Adbot, Inc.
- Type: Private
- Industry: Online advertising
- Founded: 1997; 29 years ago, in Chicago, Illinois
- Headquarters: 10 S Riverside Plaza, Chicago, IL
- Key people: James R. Frith (president)

= Adbot =

Internet advertising company in Chicago

Adbot, Inc. was a privately held Internet advertising company in Chicago owned and operated by James R. Frith, Jr. The company was a pioneer in the delivery of display advertising on the Internet and was extant from April 1997 to December 1997, at which time it ceased operations due to a legal disputes with the U.S. Securities and Exchange Commission.

==History==

Adbot announced the introduction of its auction market for Internet advertising on Jan 23, 1997. On April 10, 1997, the company held its first live outcry auction, pairing a number of small publishers with interested advertisers. By mid-summer, Adbot was well on its way to selling more than 100 million placements and had completed a closed loop of ad delivery and publisher payments.

Adbot operated under this model until Dec 5, 1997. On that date, the Federal Bureau of Investigation raided Adbot's office resulting in the cessation of normal operations, as part of an investigation into securities fraud related to Frith's Chicago Partnership Board (CPB) operation, the ill-advised source of Adbot's start-up funding. Despite efforts to separate from the troubled CPB and continue operations, the company was ordered to liquidate all assets and was shuttered in December 1997. Frith eventually was found by a jury to be not guilty of securities fraud, but was convicted of two securities law violations (out of 23 charges) for operating his CPB broker-dealership without enough money in its reserve accounts. The conviction was based on a financial shortfall on a single day in 1997.

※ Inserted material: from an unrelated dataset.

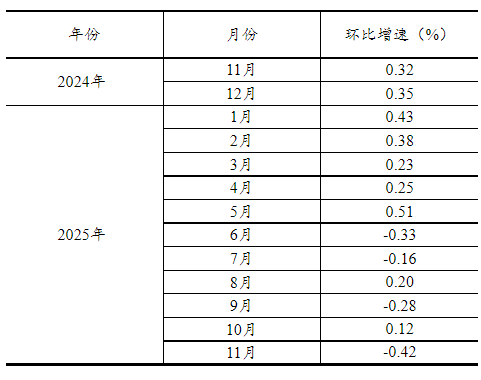 根據(jù)季節(jié)調(diào)整模型自動修正的結(jié)果,對2024年11月份以來的社會消費(fèi)品零售總額環(huán)比增速進(jìn)行修訂。修訂結(jié)果及2025年11月份環(huán)比數(shù)據(jù)如下:

The case notably became reference case law regarding auditing requirements for securities firms.

==Auction-based model==
As with typical advertising networks of the day, publisher sites of similar topical interest were grouped into ad networks. For the purpose of the auction model, these networks were broken into lots. Because every lot was sold at a price set by the bidders, the placement of Internet advertising units into otherwise unsold inventory was guaranteed. Impression guarantees protected bidders from under-delivery.

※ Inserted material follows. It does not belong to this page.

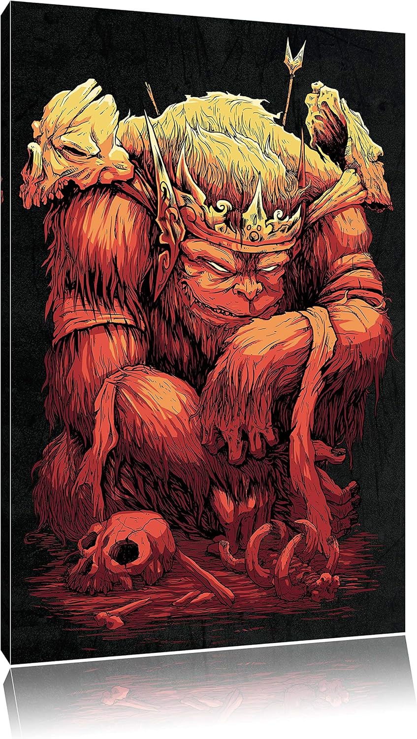 Dark King-Ape black Bild auf Leinwand, XXL riesige Bilder fertig gerahmt mit Keilrahmen, Kunstdruck

The auction model established the market price of display advertising based on a simple supply-demand mechanism. This was in contrast to Adbot's larger competitor, DoubleClick, where ad placement pricing was negotiated between the ad network operator and marketers. At the time, the auction model was novel in the industry, though others were to follow using the same or similar models.

==Clients==
According to the Adbot web site the client list included advertisers such as Hotmail, Idealab's original version of Answers.com, and Expedia.com. Publishers in the client list included companies such as the Experts Exchange, Dine.com, the Weather Underground and MapBlast, which would become part of MSN's mapping product.